Sexual decision-making is still in the hands of husbands. As one untrained urban woman from Bago described a typical situation, ?I discuss household decision-making with my husband, but not sexual matters. Being a Myanmar Buddhist woman, it is shameful as well as disgraceful to talk about sex.? It is difficult to have sex education or to convey information to women. To translate knowledge into behavior, women need an enhanced ability to negotiate and discuss sexual issues with their husbands.

There is also a financial problem. There is no budget to allow for follow-up support after treatment or for research and experimentation. We cannot afford to give HIV testing when people ask for it, except for premarital testing.

We are working to expand blood testing and the condom use program and trying to eradicate opium plantations -- in the Golden Triangle the virus moves along with the drugs.


Nhu To Nguyen, Vietnam: By December 2002, the number of HIV infections was 59,200 and the number of recorded cases of AIDS was 9,437.

Vietnam now has a population of 80 million inhabitants. It is one of the most densely populated countries, at 240 people per square kilometers. Urbanization and industrialization has created a group of migrant workers who go back and forth between the rural and urban areas, which has a high risk of transmitting HIV.

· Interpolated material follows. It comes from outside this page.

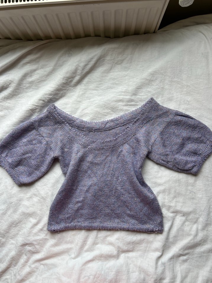 34/36/38 için uygundur, el örgüsüdür, omzu açık durur balon kollu hafif crop
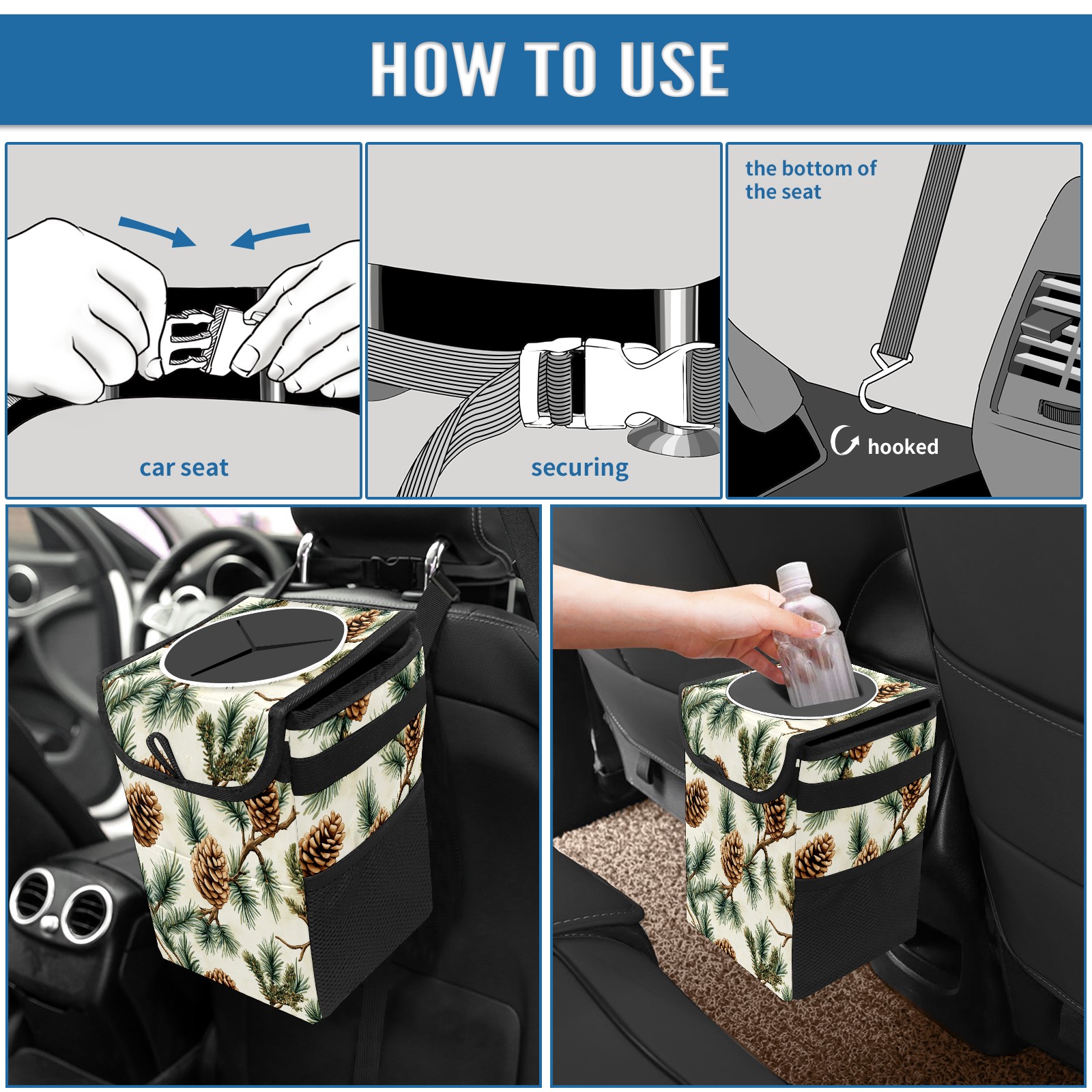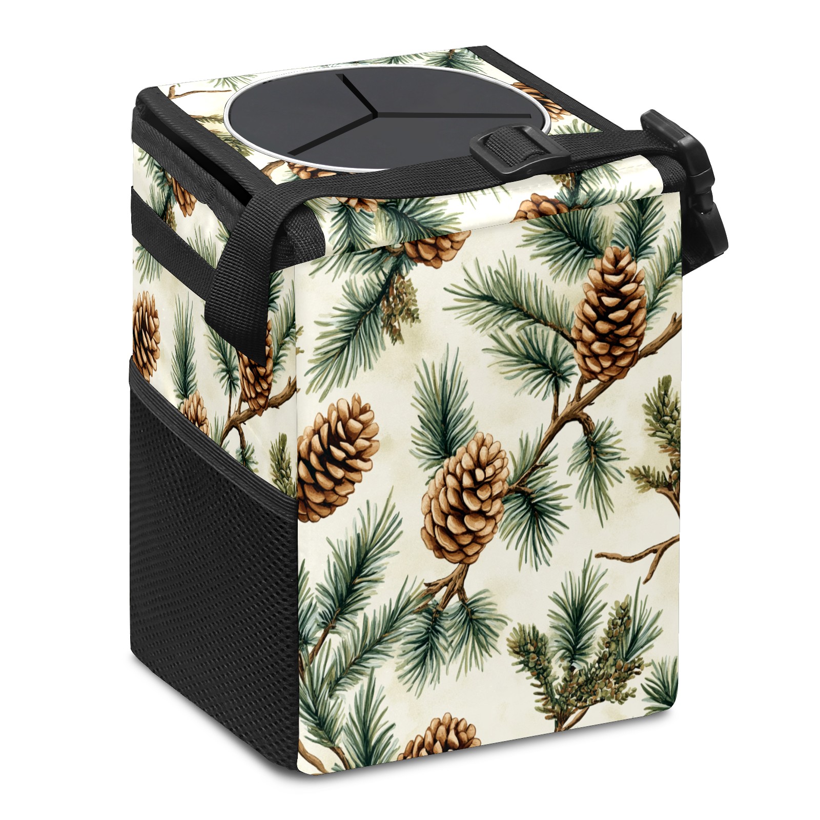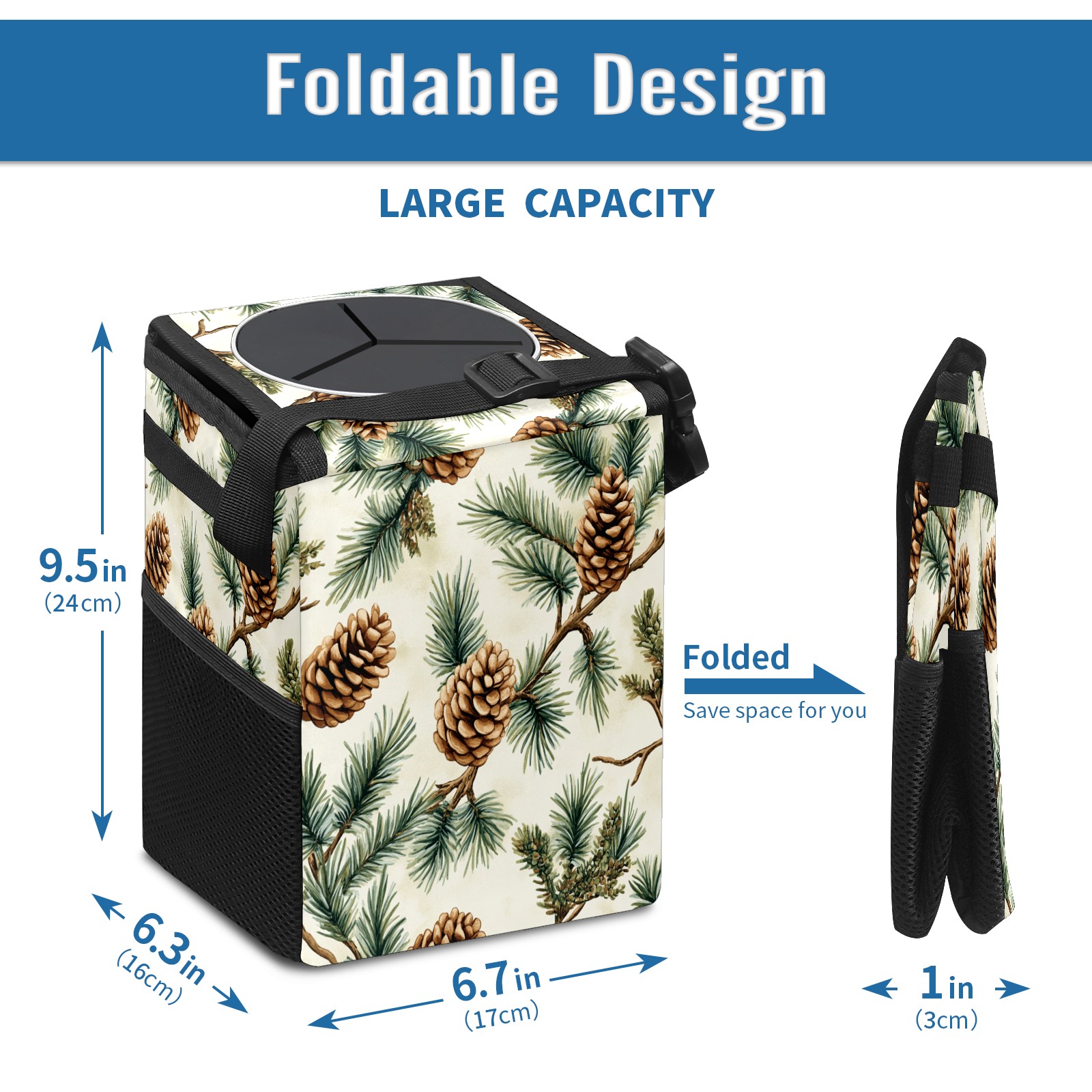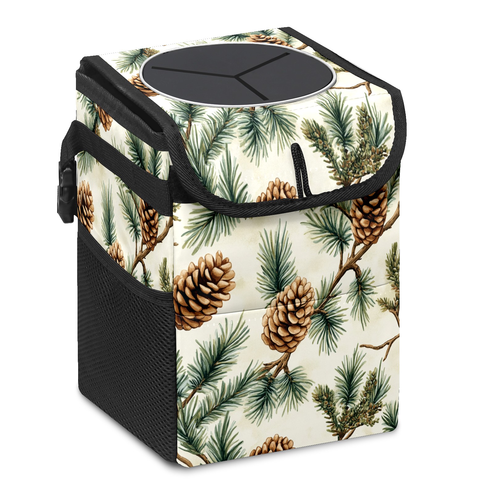 Universal Hanging Car Trash Can - Leakproof Design with Secure Lid | Fits SUV, Truck, Van | Front & Back Seat Friendly | Smart Automotive Accessory Pine Cone Pattern

The first HIV infection was detected in the south of Vietnam in 1990. The first case of AIDS was detected in 1993. Between 1990 and 1993, HIV spread from one province to 29 of the then-57 provinces. There were 1,100 HIV cases in 1993. This doubled by 1997-98. By that time there were cases in all provinces, which had been increased to 61.

We conducted HIV sentinel surveillance in 8 provinces after the first AIDS outbreak in 1993. This was increased in 1995 to 12 provinces, and to 20 provinces in 1996. By 2001 we had HIV sentinel surveillance in 30 provinces, half of the country.

By December 2002, the number of HIV infections was 59,200 and the number of recorded cases of AIDS was 9,437. The epidemic can be divided into three periods. The first period, between 1990 and 1993, was mainly located in the south and among elderly injection drug users.

The second period, between 1993 and 1997, was mainly in the south, but had spread out to a second risk group, female sex workers. The third period, since 1998 up to now, the epidemic has spread out to the whole country, north and south, and to the border with Cambodia, among injection drug users and the general population.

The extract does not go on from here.